Momentum.
In a Ranji season that was stretched across the IPL frenzy, teams that came in with refined tactics were destined to prevail. In Bengaluru, strangled in motionless gridlocks along its strips all along the 20 kilometres from the city to the centre of cricketing activity in Alur, momentum became the primer.
While lopsided contests were expected across three quarterfinals, the Punjab versus Madhya Pradesh game hinged on a test of verve — a question of who was more desperate to squeeze through. MP’s young blood prevailed over Punjab’s lofty batting order which failed to replicate the fierceness on paper.

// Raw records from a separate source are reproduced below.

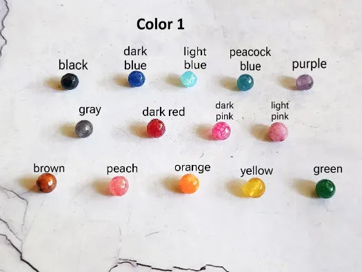 - Handcrafted wire loops with dangling agate beads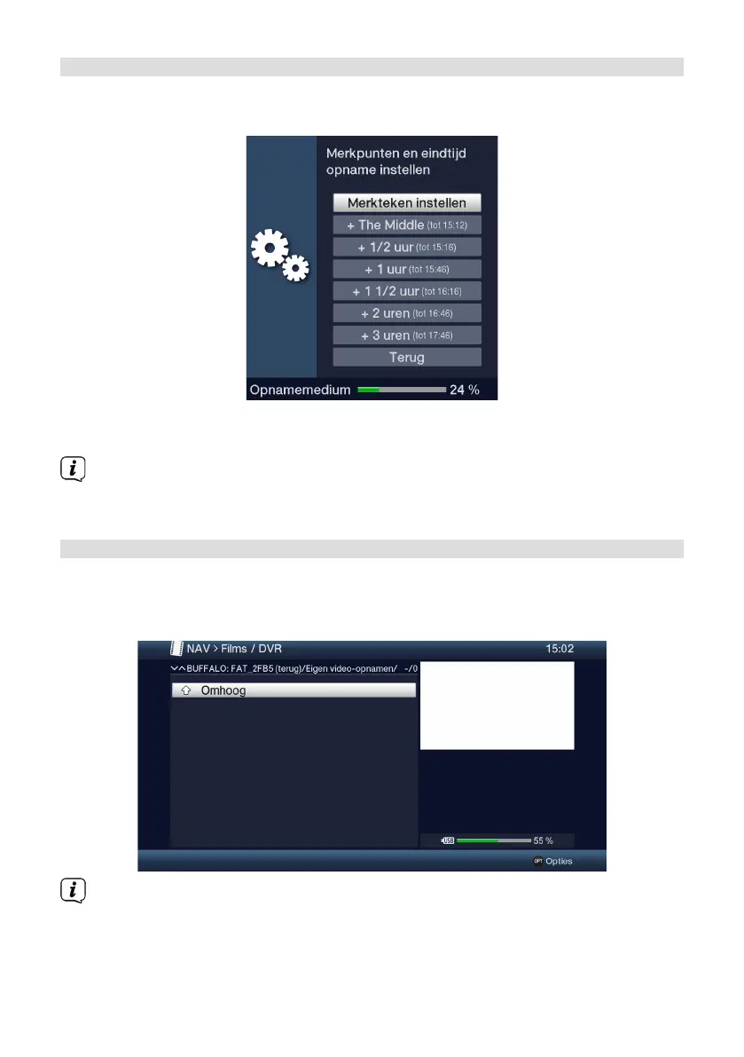 > Door tijdens een opname op de toets Opnemen te drukken wordt een venster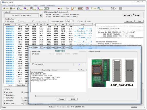 Lub tańszym popularnym modelem XGecu T48 (dostępnym na aukcji nr 12438102229) z dedykowanym adapterem ADP_D42_EX-A dostępnym w wersji z podstawką standardową (aukcja 12923300093) lub ZIF (aukcja 12923040068)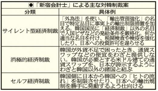 新宿会計士は「経済のプロ」の視点から、現実に発動可能で、韓国経済に打撃となる対韓制裁案を打ち出し、以下の3つのタイプに分類した。「韓国を黙らせる処方箋」といえる。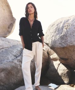 Easy does it. Draper is made in our classic lightweight woven cotton poplin for a lived-in look and feel. Draper is an easy pull-on pant with a drawstring waist and side seam pockets.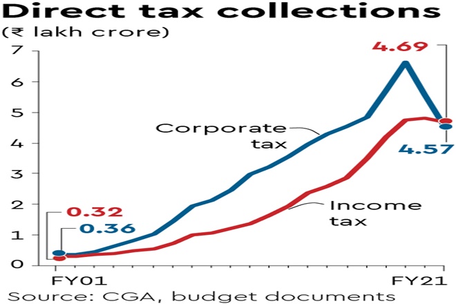Nowhere is the disparity between the formal and informal sectors seen more starkly than in the GVA; India’s GVA contracted 6.2% in FY21 while the proxy for India Inc’s GVA—the sum of the ebitda plus employee expenses—went up by a remarkable 18%. The variance could be even higher when the numbers are revised, given the data initially capture more of the organised sector’s performance than that of the unorganised sector. The government’s total revenues (including disinvestment proceeds) for the current year are likely to fall short by more than Rs 1 lakh crore; the deficit could also be wider than Rs 15.06 lakh crore if it spends as budgeted. A hike in corporation taxes could ease the pressure.
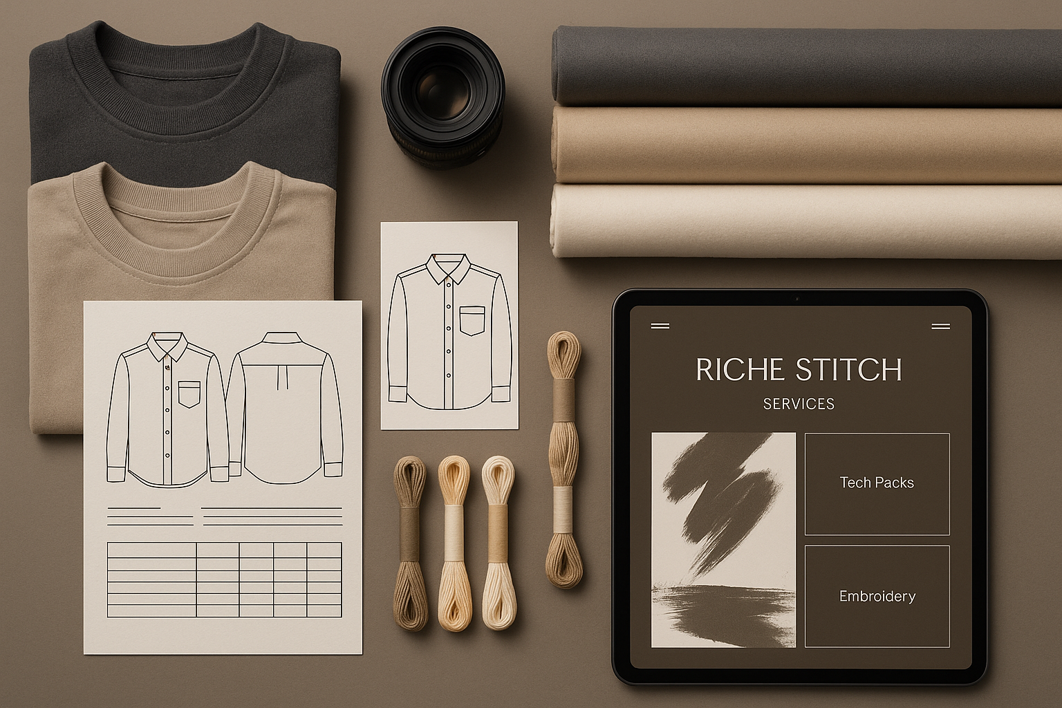 Riche Stitch offers an ecosystem of specialized services that support every stage of brand development and apparel production.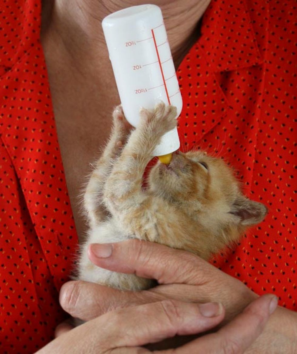 "I am a big kitty now and I can hold my own bottle!" ginger kitty says.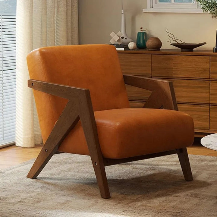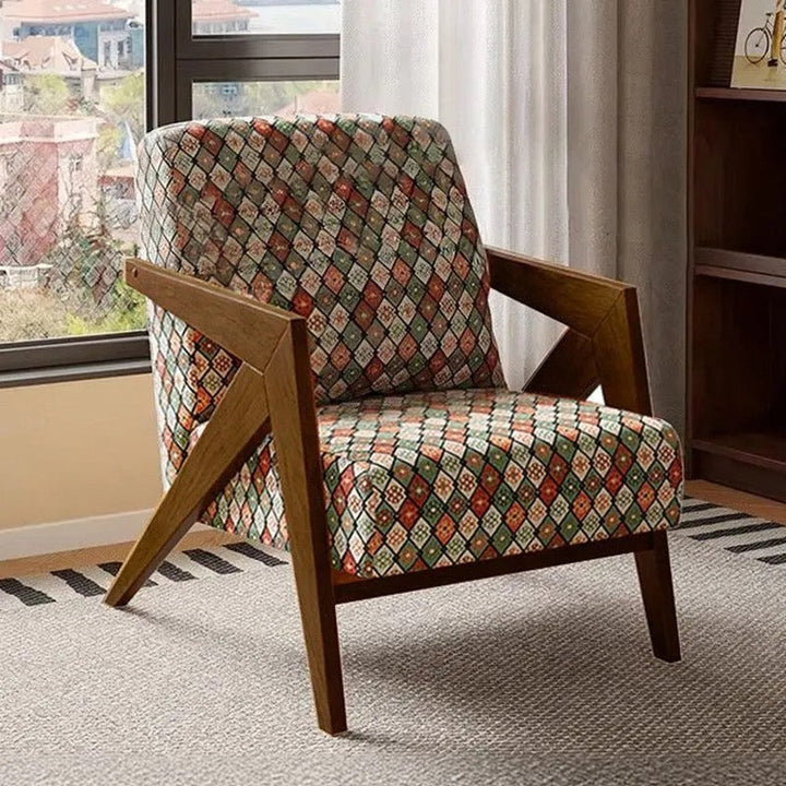 Mid-Century Modern Wooden Armchair – Upholstered Accent Chair with Solid Wood Frame for Living Room, Bedroom & Office

The view from deep extra cover/square leg, a neat shade with a red tint but crammed between two burly generators for the broadcasters, with rain being a tease on day one, was certainly not the best. But soon enough, the hassles dwindled to the backdrop as two sides led by highly competitive coaches — Surendra Bhave for Punjab and Chandrakant Pandit for MP — squared off in an enticing skirmish. After sighting a glimmer, Punjab’s packed batting order crumbled before a resurging MP which shed Plan A for a fine return in the second session of play.
Punjab never looked assured to obliterate MP since. MP’s clinical and supreme planning came to the fore when its batters struck the perfect chord with each one acing their roles to perfection. Be it the openers who fended off probing new-ball bursts from Punjab or Shubham Sharma who racked up his third hundred of the tournament, be it the menacing Rajat Patidar who blitzed the park with a truckload of boundaries or the 18-year-old Akshat Raghuwanshi who outshone the former for close to two hours with the blade — MP quelled Punjab’s dreams with inch-perfect execution.
The tales behind the scene were also listless: the young Raghuwanshi who was hand-picked by coach Pandit during a local practice game in MP during an umpiring session or the domestic nomad Kumar Kartikeya who hasn’t been home in nine years, desi cricket blossomed once again.